Why do light sources appear as stars sometimes?

  • See for example this photo:

    Example photo

    From my experience, the longer the exposure the stronger can this effect be observed. Is this correct? Are there any other factors that influence the creation of these stars (is there a better word for it, by the way?) And what exactly does technically happen?

    Is there a way to avoid this effect with filters or something else?

    @Luis: According to the answers, I suppose you can just open up your aperture.

  • whuber

    whuber Correct answer

    10 years ago

    This appears to be a beautiful example of Fraunhofer diffraction. It is due to the wave nature of light. The effect depends on the wavelength (that is, the color). It is most pronounced when bright light from a practically infinite distance passes through narrow slits, causing the light to spread perpendicular to the slits.
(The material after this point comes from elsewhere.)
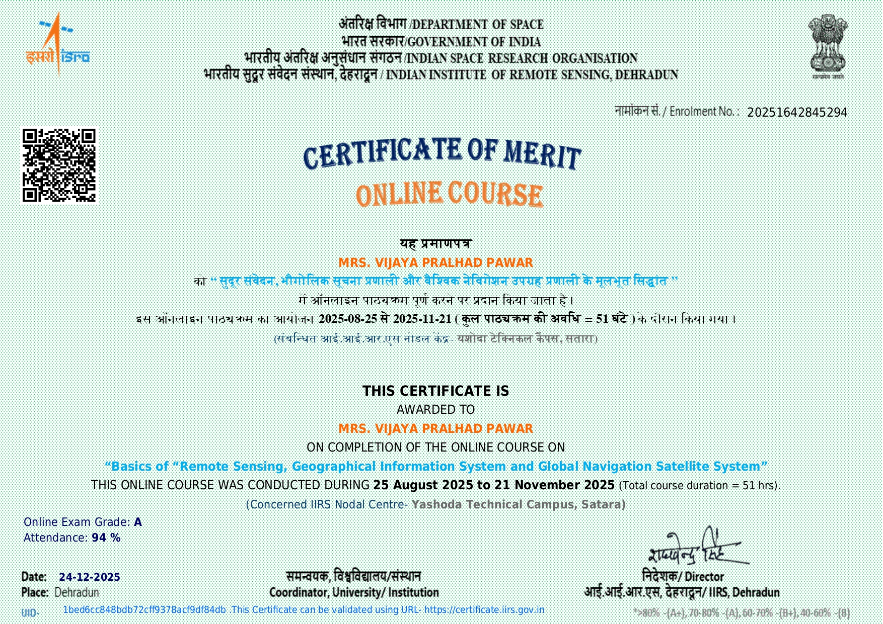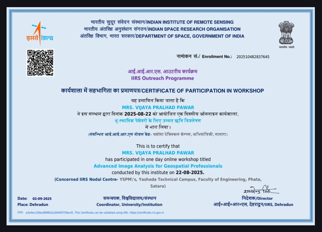 Vijaya P Pawar, Assistant professor in Civil Engineering has attended and successfully completed online course on Basics of “Remote Sensing, Geographical Information System and Global Navigation Satellite System” organized by IIRS from 25/08/2025 to 21/11/2025.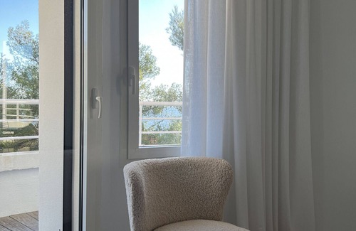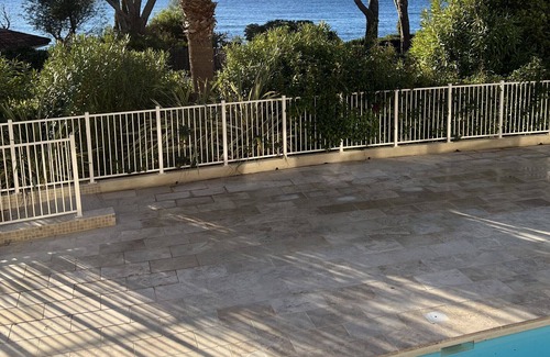 Vue mer Agay (Agay, Côte d'Azur, France) is a beautiful apartment with shared private pool and offers a unique panoramic view of the Estérel massif. This luxury apartment is quietly located in 1 of the most beautiful bays of the coast and within walking distance of beach and sea.The vacation apartment is located on the second floor of the building and is easily accessible by elevator (130cm deep and 81 cm wide). The apartment for 4 + 1 persons has a private sun terrace and a covered terrace where you can enjoy your breakfast, lunch or dinner at sunset.The open kitchen is fully equipped with an electric stove. The stylish dining and sitting room is tastefully decorated. The 2 bedrooms are bright and airy with fitted wardrobes. The bathroom with bath & shower is practical and modern.Apartment Vue mer Agay (Côte d'Azur, France) is part of a small residence and features a common fenced private pool (12x4m and depth 1.5m) and is open daily from 8am to 8pm. Thanks to the fence, it is very child-friendly. You can easily keep an eye on the little ones from the sun terrace, while you yourself enjoy a delicious pastis in the company of friends or family.This vacation apartment with sea view is located within walking distance from the charming village of Agay with its small port, sandy beach, numerous stores and typical cafes. There is a microclimate (the temperature never rises above 30 degrees and never below 5 degrees) where it is great to stay! The writer Saint-Exupéry crossed the Mediterranean from here and describes Agay as "a paradise where even the dust is perfumed...".Take a day trip from Agay to fashionable Saint-Tropez and Nice. Go on a private exploration of underwater fishing in the bay or take a boat trip to Cannes. Explore the Estérel massif along the numerous hiking trails or by mountain bike. Go horseback riding and admire this beautiful region.Vue mer Agay (Saint-Raphaël, Côte d'Azur, France) is one of the pearls of the French Riviera. A wonderful place to relax at the foot of the Estérel massif.

This spreads a point-like beam of light into a pair of streaks.

    Using a small aperture creates slit-like situations at the corners formed by adjacent blades. Thus, when you have a combination of relatively intense, pointlike, monochromatic light sources in the image and a narrow aperture, you should see a streak (of the same color) emanating from the points in two directions perpendicular to the blades. When your diaphragm is formed by straight blades, this will cause there to be twice as many streaks as blades. However, the streaks for parallel blades will coincide. Thus, for a diaphragm with an odd number of blades (where no two blades are parallel) there will be twice as many radial streaks as blades but for a diaphragm with an even number of blades (where opposite blades are parallel) the streaks overlap in pairs, giving the same number of streaks as blades (but each streak is twice as bright).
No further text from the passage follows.